L’application immédiate de la réforme de la garde à vue, décidée vendredi par la Cour de cassation, satisfait les avocats qui seront désormais présents tout au long de la procédure. Du côté des policiers, c’est l’inquiétude qui domine. Deux réactions très contrastées.

"C'est l'euphorie ! ", a ainsi lancé sur Europe1 Maître Eolas, avocat blogueur. "On obtient enfin gain de cause, donc on laisse éclater notre joie," a poursuivi l'avocat devenu une référence sur internet.

"C’est très excitant"

"La première conséquence, c'est que toutes les gardes à vue en cours à 14h00 sont frappées de nullité", a-t-il expliqué. "On est un peu dans l'improvisation mais c'est très excitant de vivre ces moments-là", a ajouté Maître Eolas, qui estime que la France avait "un véritable retard" en la matière.
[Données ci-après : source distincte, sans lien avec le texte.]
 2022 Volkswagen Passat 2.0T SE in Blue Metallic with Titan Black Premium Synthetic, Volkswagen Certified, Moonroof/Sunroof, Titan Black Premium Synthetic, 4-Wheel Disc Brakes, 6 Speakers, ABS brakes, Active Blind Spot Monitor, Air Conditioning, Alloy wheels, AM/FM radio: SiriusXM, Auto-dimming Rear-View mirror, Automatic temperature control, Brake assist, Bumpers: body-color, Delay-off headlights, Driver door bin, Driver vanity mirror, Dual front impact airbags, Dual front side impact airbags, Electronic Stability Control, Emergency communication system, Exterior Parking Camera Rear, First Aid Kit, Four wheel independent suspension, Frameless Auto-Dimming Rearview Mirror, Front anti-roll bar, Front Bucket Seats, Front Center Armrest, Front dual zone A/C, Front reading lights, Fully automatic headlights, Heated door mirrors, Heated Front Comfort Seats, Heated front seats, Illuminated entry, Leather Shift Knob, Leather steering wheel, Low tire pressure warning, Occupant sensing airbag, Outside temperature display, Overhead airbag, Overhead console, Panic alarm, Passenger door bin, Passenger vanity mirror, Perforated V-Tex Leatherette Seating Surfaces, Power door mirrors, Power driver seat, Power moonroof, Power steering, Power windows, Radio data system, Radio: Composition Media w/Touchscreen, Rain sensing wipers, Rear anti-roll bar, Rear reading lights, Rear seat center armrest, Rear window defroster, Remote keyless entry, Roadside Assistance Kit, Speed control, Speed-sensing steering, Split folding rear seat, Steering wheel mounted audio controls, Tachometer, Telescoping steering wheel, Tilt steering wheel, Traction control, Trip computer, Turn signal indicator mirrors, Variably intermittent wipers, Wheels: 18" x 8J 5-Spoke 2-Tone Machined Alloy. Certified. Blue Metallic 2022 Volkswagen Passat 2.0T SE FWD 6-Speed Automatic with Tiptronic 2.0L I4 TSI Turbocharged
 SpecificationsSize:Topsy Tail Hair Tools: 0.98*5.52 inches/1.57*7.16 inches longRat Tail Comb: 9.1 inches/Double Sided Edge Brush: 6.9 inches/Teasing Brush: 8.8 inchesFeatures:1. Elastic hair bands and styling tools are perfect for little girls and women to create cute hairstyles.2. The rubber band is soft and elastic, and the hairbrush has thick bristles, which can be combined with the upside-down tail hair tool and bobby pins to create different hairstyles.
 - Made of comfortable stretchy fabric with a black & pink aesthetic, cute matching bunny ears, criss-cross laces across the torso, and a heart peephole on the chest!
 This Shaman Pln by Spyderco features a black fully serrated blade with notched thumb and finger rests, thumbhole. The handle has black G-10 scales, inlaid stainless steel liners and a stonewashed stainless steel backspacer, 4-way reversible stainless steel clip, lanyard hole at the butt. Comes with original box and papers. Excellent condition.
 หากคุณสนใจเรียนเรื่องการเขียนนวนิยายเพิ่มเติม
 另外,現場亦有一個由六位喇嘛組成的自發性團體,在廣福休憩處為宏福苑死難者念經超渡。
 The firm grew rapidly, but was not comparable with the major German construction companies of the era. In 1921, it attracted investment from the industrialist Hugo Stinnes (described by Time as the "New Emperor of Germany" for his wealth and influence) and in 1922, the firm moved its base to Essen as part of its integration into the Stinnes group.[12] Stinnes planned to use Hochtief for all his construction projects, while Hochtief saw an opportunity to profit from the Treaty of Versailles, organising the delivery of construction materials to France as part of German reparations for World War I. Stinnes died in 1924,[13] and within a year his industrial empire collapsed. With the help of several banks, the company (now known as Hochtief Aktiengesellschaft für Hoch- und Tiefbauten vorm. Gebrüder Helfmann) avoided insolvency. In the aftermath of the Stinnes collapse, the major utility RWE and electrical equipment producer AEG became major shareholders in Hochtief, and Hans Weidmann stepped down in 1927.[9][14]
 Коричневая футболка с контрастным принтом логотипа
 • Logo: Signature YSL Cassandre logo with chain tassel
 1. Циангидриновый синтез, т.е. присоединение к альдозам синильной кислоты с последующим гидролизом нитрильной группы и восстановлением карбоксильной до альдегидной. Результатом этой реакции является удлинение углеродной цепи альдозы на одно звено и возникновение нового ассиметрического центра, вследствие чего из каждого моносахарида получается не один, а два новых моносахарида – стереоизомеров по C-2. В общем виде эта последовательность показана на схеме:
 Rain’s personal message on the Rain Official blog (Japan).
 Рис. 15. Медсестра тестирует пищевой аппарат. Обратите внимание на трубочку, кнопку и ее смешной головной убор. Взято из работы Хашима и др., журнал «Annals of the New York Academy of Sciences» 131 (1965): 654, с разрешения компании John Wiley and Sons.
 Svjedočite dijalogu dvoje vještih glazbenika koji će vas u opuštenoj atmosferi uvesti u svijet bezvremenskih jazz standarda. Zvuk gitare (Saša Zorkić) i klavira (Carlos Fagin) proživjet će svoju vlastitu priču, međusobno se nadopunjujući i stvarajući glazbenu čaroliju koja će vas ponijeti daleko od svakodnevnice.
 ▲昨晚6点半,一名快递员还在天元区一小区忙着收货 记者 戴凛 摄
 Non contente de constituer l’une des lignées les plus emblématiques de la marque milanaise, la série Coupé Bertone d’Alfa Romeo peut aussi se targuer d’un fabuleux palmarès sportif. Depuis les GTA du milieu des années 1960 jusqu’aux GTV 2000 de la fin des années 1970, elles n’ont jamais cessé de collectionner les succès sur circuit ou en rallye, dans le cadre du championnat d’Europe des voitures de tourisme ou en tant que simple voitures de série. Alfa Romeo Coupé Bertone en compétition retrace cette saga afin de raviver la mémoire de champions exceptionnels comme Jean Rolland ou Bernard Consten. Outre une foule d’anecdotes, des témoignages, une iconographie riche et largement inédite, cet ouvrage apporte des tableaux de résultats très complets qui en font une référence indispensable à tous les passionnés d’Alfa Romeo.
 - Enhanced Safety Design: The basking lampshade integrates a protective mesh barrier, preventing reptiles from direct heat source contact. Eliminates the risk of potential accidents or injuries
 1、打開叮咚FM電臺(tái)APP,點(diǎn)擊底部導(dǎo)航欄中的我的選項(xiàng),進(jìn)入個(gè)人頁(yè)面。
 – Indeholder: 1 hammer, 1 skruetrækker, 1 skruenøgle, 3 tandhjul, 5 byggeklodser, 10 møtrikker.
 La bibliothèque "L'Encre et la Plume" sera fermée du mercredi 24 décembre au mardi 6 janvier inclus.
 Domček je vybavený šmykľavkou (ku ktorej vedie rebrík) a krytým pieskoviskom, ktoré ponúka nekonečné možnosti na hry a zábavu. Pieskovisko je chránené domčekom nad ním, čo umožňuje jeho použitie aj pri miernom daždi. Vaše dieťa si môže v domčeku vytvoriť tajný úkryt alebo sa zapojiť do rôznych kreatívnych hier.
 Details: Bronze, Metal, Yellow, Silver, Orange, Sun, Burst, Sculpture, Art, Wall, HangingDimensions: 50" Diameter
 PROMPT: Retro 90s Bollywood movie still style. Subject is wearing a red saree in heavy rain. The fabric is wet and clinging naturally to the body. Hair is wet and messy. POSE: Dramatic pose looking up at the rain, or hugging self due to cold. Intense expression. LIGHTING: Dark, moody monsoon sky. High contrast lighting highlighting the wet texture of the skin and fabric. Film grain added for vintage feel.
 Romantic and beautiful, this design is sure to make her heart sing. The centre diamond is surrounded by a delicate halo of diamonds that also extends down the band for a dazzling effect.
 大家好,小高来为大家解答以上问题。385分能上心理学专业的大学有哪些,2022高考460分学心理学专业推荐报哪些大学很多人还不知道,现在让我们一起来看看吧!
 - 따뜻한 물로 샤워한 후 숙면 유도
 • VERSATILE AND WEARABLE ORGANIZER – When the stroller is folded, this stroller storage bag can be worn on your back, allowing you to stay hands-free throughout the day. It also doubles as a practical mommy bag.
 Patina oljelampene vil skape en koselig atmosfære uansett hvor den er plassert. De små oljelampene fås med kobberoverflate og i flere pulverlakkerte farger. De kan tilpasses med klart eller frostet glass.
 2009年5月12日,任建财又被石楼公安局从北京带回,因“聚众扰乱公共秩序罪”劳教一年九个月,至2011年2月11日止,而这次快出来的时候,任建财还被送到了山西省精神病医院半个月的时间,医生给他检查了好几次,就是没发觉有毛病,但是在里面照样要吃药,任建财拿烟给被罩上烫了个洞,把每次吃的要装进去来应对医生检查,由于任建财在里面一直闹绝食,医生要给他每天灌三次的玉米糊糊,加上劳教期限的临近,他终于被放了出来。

Au commissariat du 4e arrondissement de Paris, deux jeunes avocats ont débarqué en urgence vendredi après-midi. Ils sont aussi très heureux d'être parmi les premiers à expérimenter la nouvelle procédure : "c'est un moment très important pour moi en tant qu'avocat", a lancé l'un deux au micro d'Europe 1. "Depuis toujours, les avocats se mobilisent pour la garde à vue. Désormais, ils vont pouvoir participer pleinement à la défense pénale et non plus être réduit à faire du soutien psychologique", estime-t-il.

"Dans le brouillard"

Du côté des policiers, on déplore en revanche un manque de préparation : "on vous donne un texte le matin, qui fait quand même un certain nombre de pages et on vous dit ‘cet après-midi, vous le mettez en place’, sans avoir travaillé le texte, sans avoir formé les officiers de police judiciaire", s’est agacé sur Europe 1 Philippe Capon, secrétaire national d'Unsa Police.

Pour lui, "c’est comme si dans une usine, on amenait des nouvelles machines et à peine arrivées, on disait aux ouvriers ‘vous vous mettez dessus tout de suite, il faut qu’elles soient productives tout de suite avec un taux de productivité important’".

Une colère que Maître Eolas trouve légitime : "les policiers ne sont pas allergiques aux droits de l'Homme mais ils sont dans le brouillard complet", a estimé le magistrat. "Ils n'ont pas eu d'explications. Ils sont complètement perdus et ceux qui devraient leur donner des informations ne leur en donnent pas", a poursuivi le magistrat.

Initialement, la réforme devait être mise en vigueur le 1er juin. Mais la décision de la Cour de cassation dans une affaire concernant des étrangers en situation irrégulière a précipité son application.